In January 2012, the city made national news when Alejandrina Cabrera, a city council candidate, was banned from running for office because it was claimed that she was not proficient enough in English. Yuma County Superior Judge John Nelson issued an order on January 25 stating that Cabrera's name be stricken from the ballot. Mayor Juan Carlos Escamilla had filed a lawsuit requesting that the court determine Cabrera's qualification to run for office based on her English skills. Cabrera had previously launched two unsuccessful recall campaigns against Escamilla, after the council raised utility rates. She claimed that the lawsuit was politically motivated. The issue was of national importance because it was reminiscent of Jim Crow Laws enacted in the southern United States between 1876 and 1965.

Media

Newspapers
Bajo el Sol is a major weekly newspaper in the town, published every Friday. The parent company of the Bajo el Sol, Freedom Publishers, Inc., also publishes The Yuma Sun, The Super Shopper and New Homes. The Yuma Sun is also a daily publication available in San Luis, as well as San Luis AZ News, a local weekly publication that has informed the community for over 20 years. Diario Noticias is a daily publication from San Luis Rio Colorado that covers news from around the region and is also available.

Television
San Luis is served by these bilingual Yuma area/ Imperial Valley American TV stations:
 KVFA-LP Channel 6 (Spanish language religious) - Indio.
 KVYE Channel 7 - (Univision) El Centro, subchannel LATV.
 KECY Channel 9 (FOX/ABC) - Yuma.
 KYMA-DT Channel 13 (NBC/CBS) - Yuma.
 KYUM-LD Channel 15 (Spanish language religious) - Yuma, Arizona.
 KYAZ-CA channel 16 (PBS) - transmitter of KOCE Indio now part of Los Angeles TV market area.
 KXYZ-CA channel 17 (Azteca America) - transmitter from Tucson.
 K19CX-D Channel 19 (PBS) (KAET) Phoenix, Arizona.
 KPAZ Channel 21 (TBN-religious) Wickenburg, Arizona.
 KESE-LD Channel 35 (Telemundo) - Yuma.
 KAJB Channels 36/54 (Telefutura) - El Centro.
 KPPX Channel 45 (ION) - Phoenix, Arizona, subchannels My Network and The CW.

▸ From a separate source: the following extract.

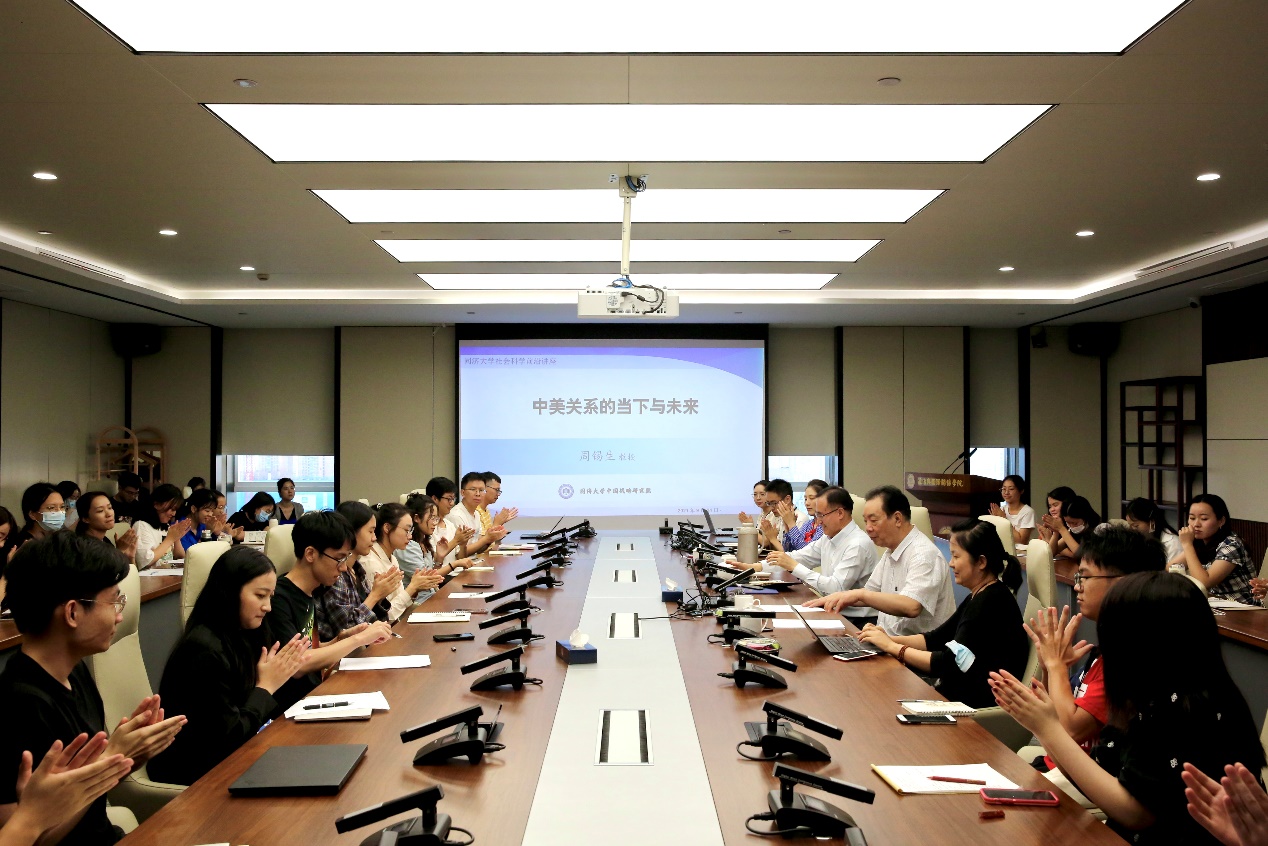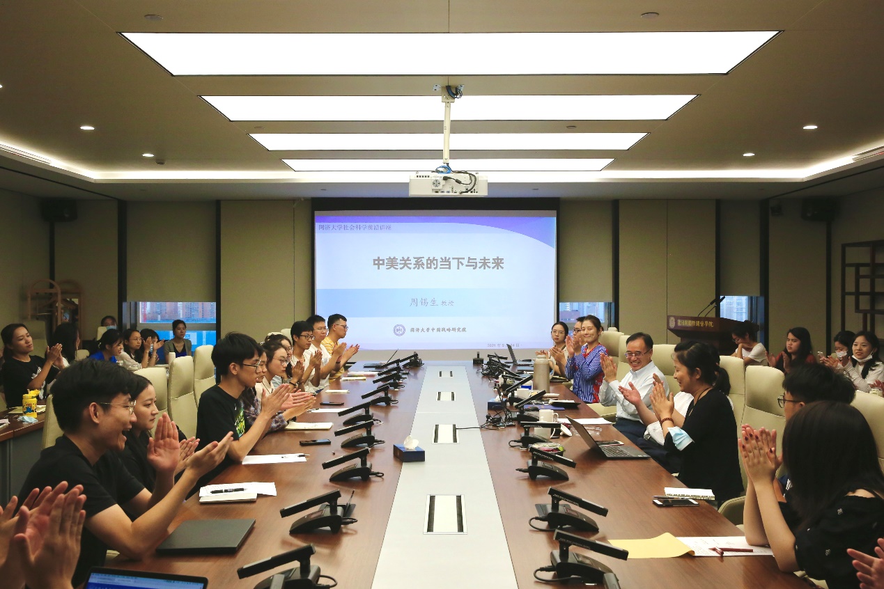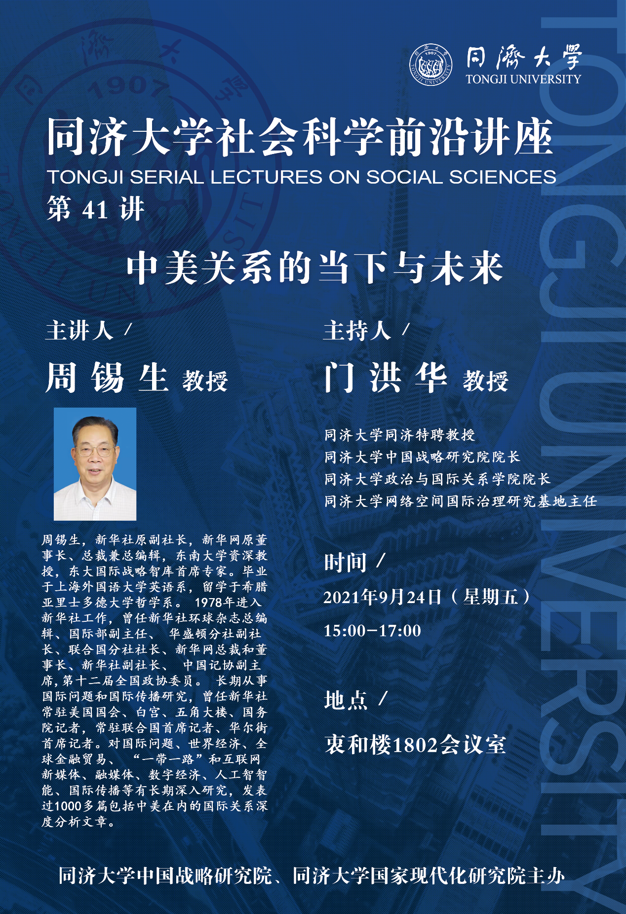 2021年9月24日,由yl6809永利官网集团中国战略研究院、yl6809永利官网集团国家现代化研究院主办的yl6809永利官网集团社会科学前沿讲座第41讲在yl6809永利官网集团衷和楼1802会议室成功举办。本次讲座邀请新华社原副社长、东南大学资深教授周锡生同志作题为“中美关系的当下与未来”的主题演讲。讲座由yl6809永利官网集团中国战略研究院院长、yl6809永利集团院长门洪华教授主持,yl6809永利集团教师、博士生、硕士生60余人次参加了此次讲座。

Additionally by these Mexican TV Stations broadcast solely in Spanish:
 XHAQ Channels 1/5 (Azteca Uno) - Mexicali.
 XHBC Channels 3/4 (Televisa regional) - Mexicali.
 XHMEX Channels 5/32 (Televisa XHGC) - Mexicali.
 XHBM Channel 14 (Televisa XEW) - Mexicali.
 XHEXT Channel 20 (TV Azteca 7) - Mexicali.
 XHILA Channels 26/66 (CNI) - Mexicali.
 XHMEE Channel 38 (Televisa XEQ) - Mexicali.
 XHLRT Channel 44 (Televisa XHTV) - San Luis Rio Colorado.
 XHRCS Channel 50 (Telemax) - San Luis Rio Colorado.

Sports
San Luis has become the new home of an Arizona Winter League independent professional baseball franchise, the San Luis Atleticos, which began play in January 2009. The team represents not only their home city, but Mexico as well.

Transportation
San Luis is served by Yuma County Area Transit, which connects with Greyhound in Yuma.

U.S. Route 95 connects the city to Yuma, as does Arizona State Route 195. The San Luis Port of Entry and the San Luis II Port of Entry for trucks and commercial vehicles connect the town to San Luis Río Colorado, Sonora, Mexico.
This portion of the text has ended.